Кроме нее, Бромвел писал и Гидеону, и своему деду Ноэлю; он написал даже Рафаэлю, по которому почти соскучился — хотя предполагал, что, вернись он домой, угрюмость кузена вскоре наскучила бы ему. Он жаловался, что спортивные занятия, обязательные для посещения, разрушают его здоровье. Во время последнего баскетбольного матча, к примеру, мальчики специально бросали мяч в него, прямо ему в лицо, несмотря на то что судья свистел в свисток, как ненормальный; в результате Бромвелу в кровь разбили нос (очки, разумеется, слетели у него с носа и — в который раз разбились); однажды, когда он наконец доковылял до конца трамплина, дрожа от холода, один мальчик, пролетая мимо в прыжке, «по-дружески» шлепнул его ладонью, так что Бромвел под всеобщий хохот полетел вниз, больно ударился о воду и чуть не утонул, нахлебавшись воды. Но все эти происшествия считались обычными или объяснялись проявлением «живости» одноклассников… И что было особенно невыносимо, жаловался Бромвел, в их разговорах постоянно всплывало имя Бельфлёров. В самом начале некоторые из ребят вваливались в его комнату, усаживались на его кровати и всячески набивались в друзья; какие только слухи не ходили про его семью и Лейк-Нуар! А правда, что у Бельфлёров есть скаковые лощади, а правда, что они замешаны в политике и жутко богаты? А правда, что в его родне есть убийцы и кто-то из них сидит в тюрьме?.. Знакомство с Бромвелом, надо сказать, жестоко разочаровывало их.

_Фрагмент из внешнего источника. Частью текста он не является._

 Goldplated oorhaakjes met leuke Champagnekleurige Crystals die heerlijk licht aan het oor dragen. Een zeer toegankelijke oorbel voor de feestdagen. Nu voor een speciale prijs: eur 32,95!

(Весной дошли новости о перестрелке в Форт-Ханне, когда дядя Юэн и его помощники застрелили четырех бандитов, которые забаррикадировались в каком-то пансионе, вооруженные ружьями и с солидным запасом боеприпасов, — но Бромвел отвечал на почтительные вопросы однокашников только одно: он никогда не встречался с Юэном Бельфлёром, широко известным шерифом округа Нотога. Он был дальний родственник.)

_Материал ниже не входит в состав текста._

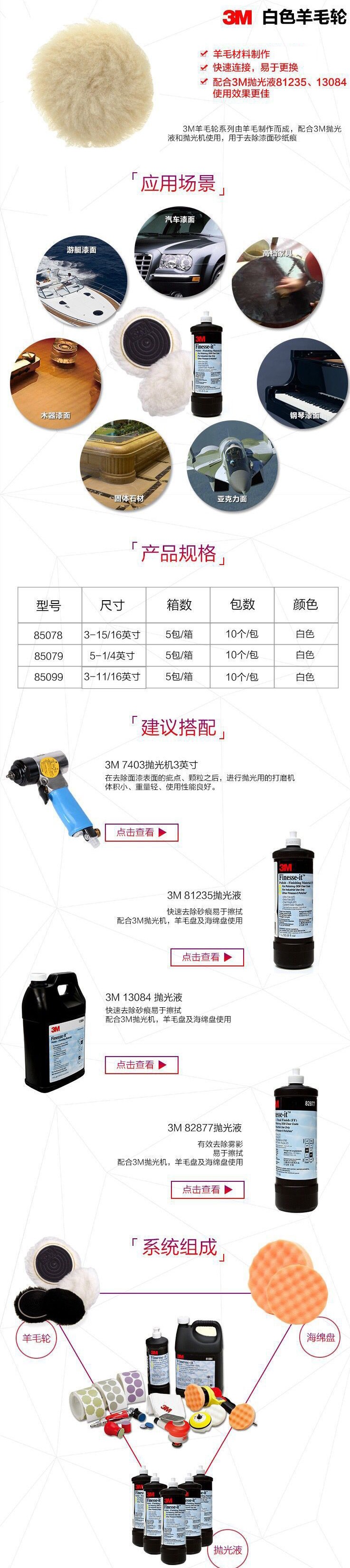 3M 85078 高密度羊毛球抛光盘(长毛)

Как раз вскоре после инцидента в Форт-Ханне и получения унизительно низкого балла на экзамене по истории Америки (впрочем, его оценки по истории всегда были невысоки — он никогда не учил предмет) у Бромвела зародилась мысль о побеге. У Бельфлёров были настолько иллюзорные, не связанные с реальностью представления о его расходах в школе и его «развлечениях» — например, об «угощениях», которые, возможно, он устраивал для друзей, что сразу несколько родных довольно регулярно посылали ему деньги, а случались еще подарки-сюрпризы в виде наличных от его матери и от Деллы; таким образом он сумел накопить, не особенно экономя, больше трех тысяч долларов. (Эту сумму он, проявив дальновидность, хранил не в своей комнате, и даже не в школьном сейфе, но в деревенском банке.)